Work order: Word for word, retype the lines from the one containing "Zdjęcia Strażacy uratowali" to the one containing "注:K 表示地層壓力下煤巖滲透率;Ki 表示初始地層壓力下煤巖滲透率;pR 表示地層壓力" below, keeping both end lines and dropping the pictures.

Supplied entries:
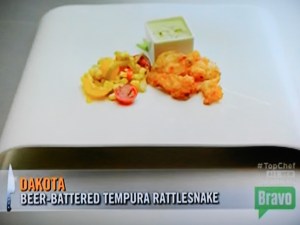 “When we walked into the Top Chef kitchen, live rattlesnakes coiled in a glass aquarium, and I guessed what our quick fire meat was.  But, we all thought that in those wood boxes in front of us live rattlesnakes waited for the killing, skinning and butchering.”
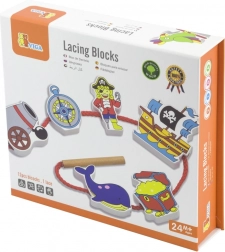 Divertente set a tema pirati per i più piccoli che sviluppa motricità fine, coordinazione occhio–mano e creatività. Contiene 12 blocchi di legno e un lungo laccetto per infilare, confezionato in una pratica scatola che funge da box contenitore. Adatto da 24 mesi.
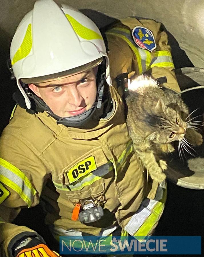 Zdjęcia Strażacy uratowali kota. Znajdował się na dnie głębokiej studni - fotorelacja
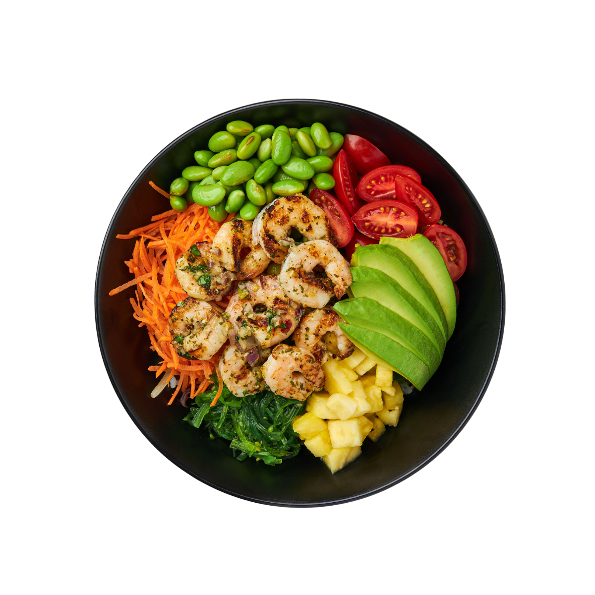 de carrot, mangue, edamame,avocat, wakame, pomme, grain de sésame, nori, masago
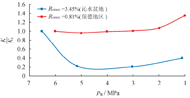 注:K 表示地層壓力下煤巖滲透率;Ki 表示初始地層壓力下煤巖滲透率;pR 表示地層壓力
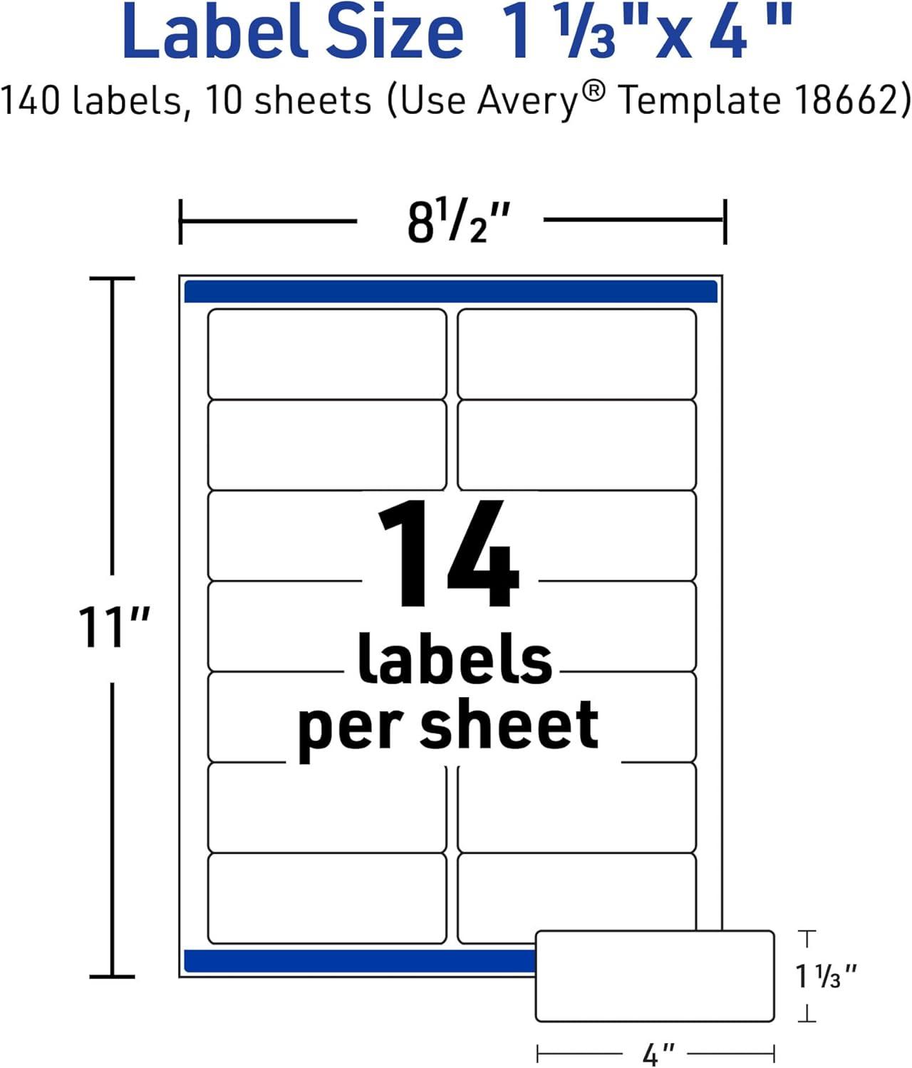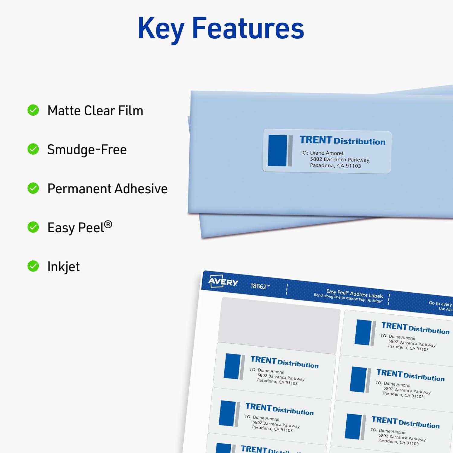 Avery Printable Address Labels, Sure Feed Technology, 1-1/3" x 4", Matte Clear, Permanent Adhesive, Inkjet Printable, 140 Blank Mailing Labels, Great Product Merchandising, Jars, and More (18662)(1-1/3 in. X 4 in.)

Exercise solution:
 Zdjęcia Strażacy uratowali kota. Znajdował się na dnie głębokiej studni - fotorelacja
 de carrot, mangue, edamame,avocat, wakame, pomme, grain de sésame, nori, masago
 注:K 表示地層壓力下煤巖滲透率;Ki 表示初始地層壓力下煤巖滲透率;pR 表示地層壓力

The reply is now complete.